Complex III and V specific activities

Yeast mitochondria prepared as described above were used to assay complex III and complex V specific activities as described74. Briefly, isolated mitochondria were resuspended in potassium phosphate buffer (10 mM), pH 7.4. Samples were exposed to three freeze–thaw cycles. Protein concentration (determined by the Bio-Rad Bradford assay) was normalized to 0.5 µg/µL. For complex III activity, aliquots corresponding to 4–8 µg protein were added to a cuvette containing 200 µL potassium phosphate buffer (250 mM), pH 7.4, 40 µL sodium azide (50 mM), and 50 µL freshly prepared cytochrome c (1 mM). The volume was adjusted to 990 µL with dH2O and the baseline was recorded at 550 nm for 2 min. The reaction was initiated by adding 10 µL chemically reduced decylubiquinol (10 mM). Absorbance of the sample was measured for 2 min. Complex III specific activity was determined by subtracting the absorbance of a parallel cuvette containing 10 µL antimycin A (1 mg/mL). VPA (1 mM) effect was assayed in parallel cuvettes incubated for 10 min at 30 °C.

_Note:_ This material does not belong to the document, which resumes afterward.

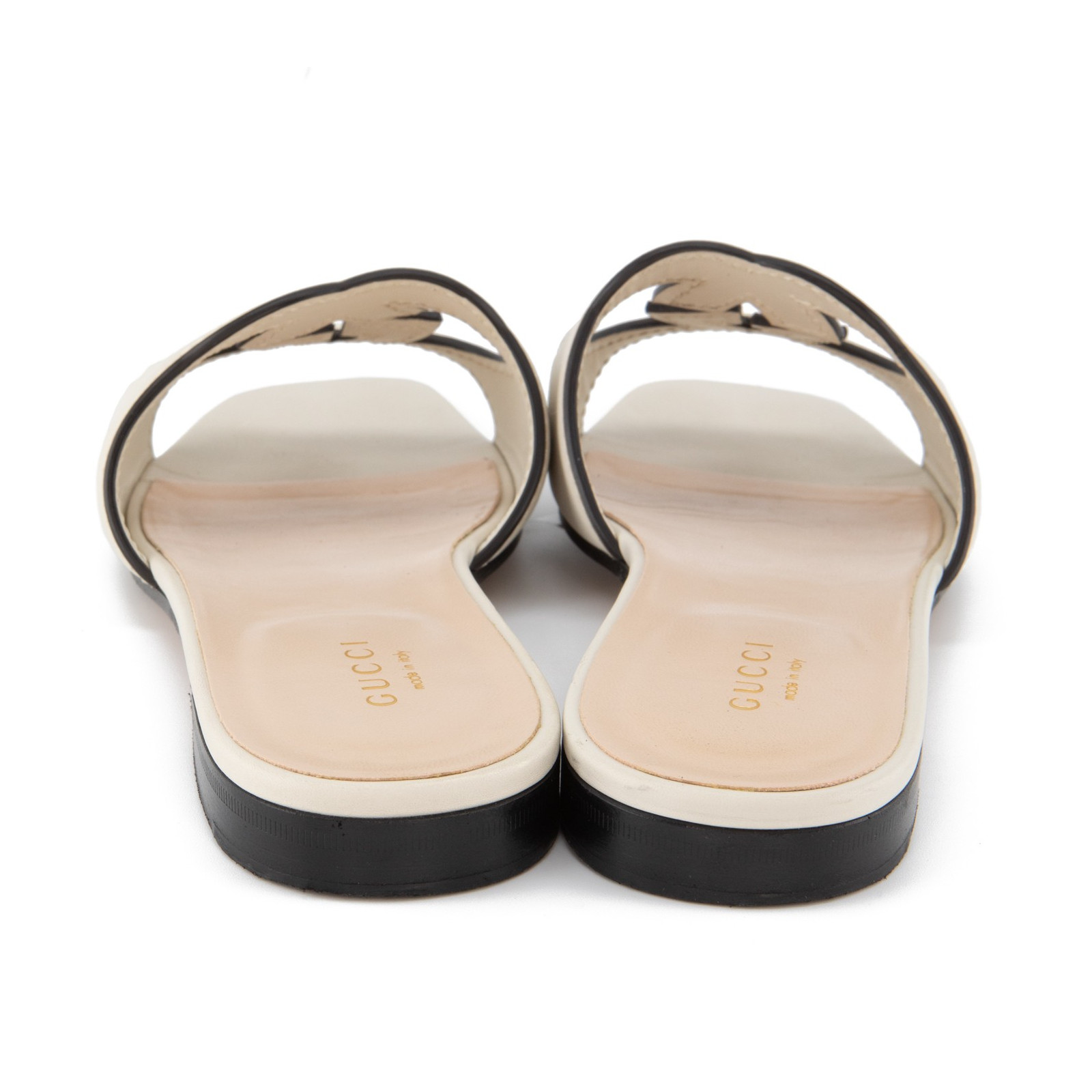 GUCCI GG Sandalen aus Leder in off-white mit Ledersohle.
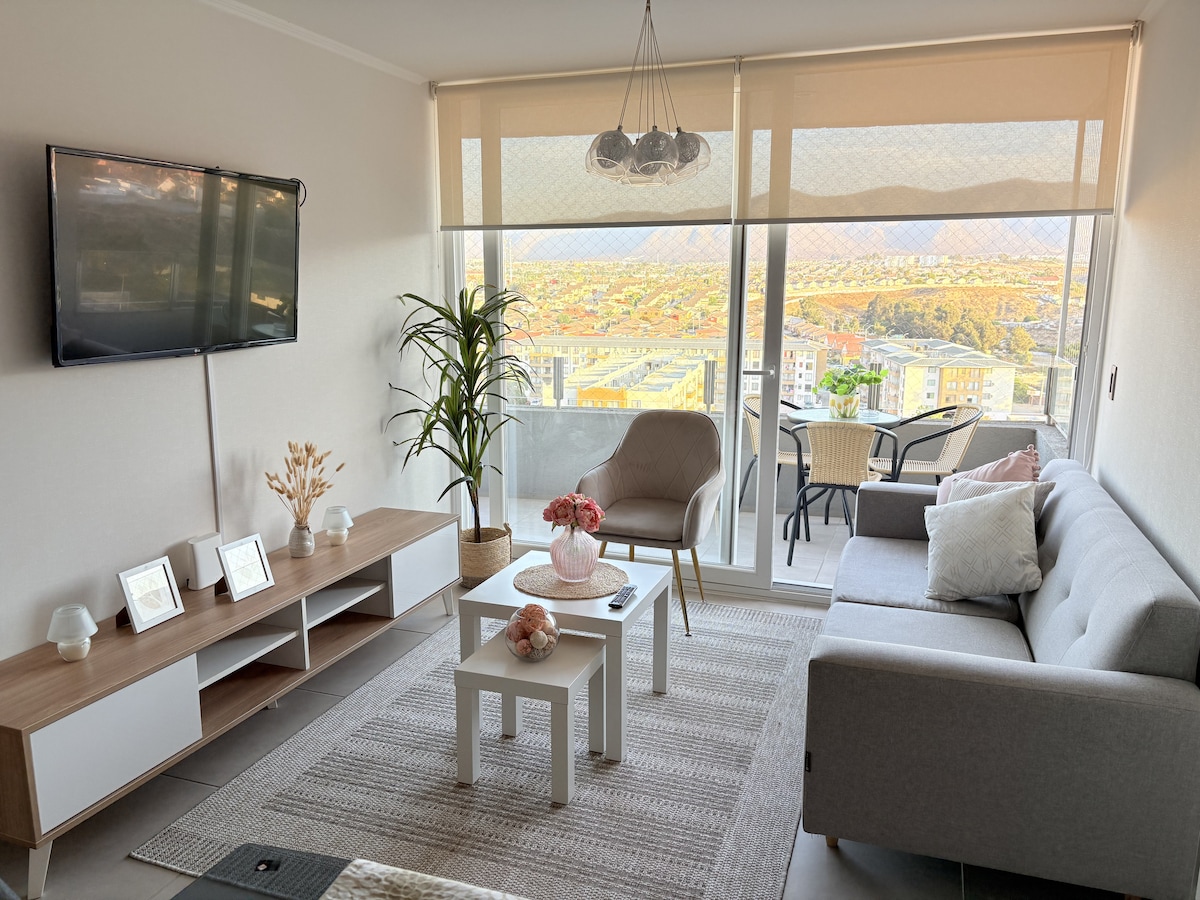 Departamento listo para la temporada 2026 con excelente ubicación y vista panorámica en playa la herradura. Único complejo con SPA dentro de las instalaciones y acceso a sauna seco y húmedo así como también jacuzzi. Nos preocupamos de cada detalle para que te sientas cómod@ y disfrutes tu estadía en un lugar lindo y agradable.

To assay complex V activity, aliquots corresponding to 4–8 µg protein were added to a cuvette containing 500 µL magnesium sulfate (10 mM) in 100 mM Hepes–KOH, pH 8.0, 10 µL NADH (30 mM), 50 µL phosphoenolpyruvic acid (50 mM), 5 µL pyruvate kinase (10 mg/mL), 10 µL lactate dehydrogenase (5 mg/mL), and 10 µL antimycin A (0.2 mg/mL). The volume was adjusted to 900 µL with dH2O and the baseline was recorded at 340 nm for 2 min. The reaction was initiated by adding 100 µL ATP (25 mM). Absorbance was measured for 2 min. 10 µL oligomycin (0.2 mg/mL) was then added and the measurement resumed for another 2 min. The measurement in the presence of oligomycin was subtracted to determine complex V specific activity. VPA (1 mM) effect was assayed in parallel cuvettes incubated for 10 min at 30 °C.

Specific activities were determined for protein concentrations that ensured the linearity of the reaction and calculated using the Beer-Lambert law equation74. Activities are expressed as nmoles/min/mg protein.

Statistical analysis

All significance values were calculated by the two sample Student’s t test.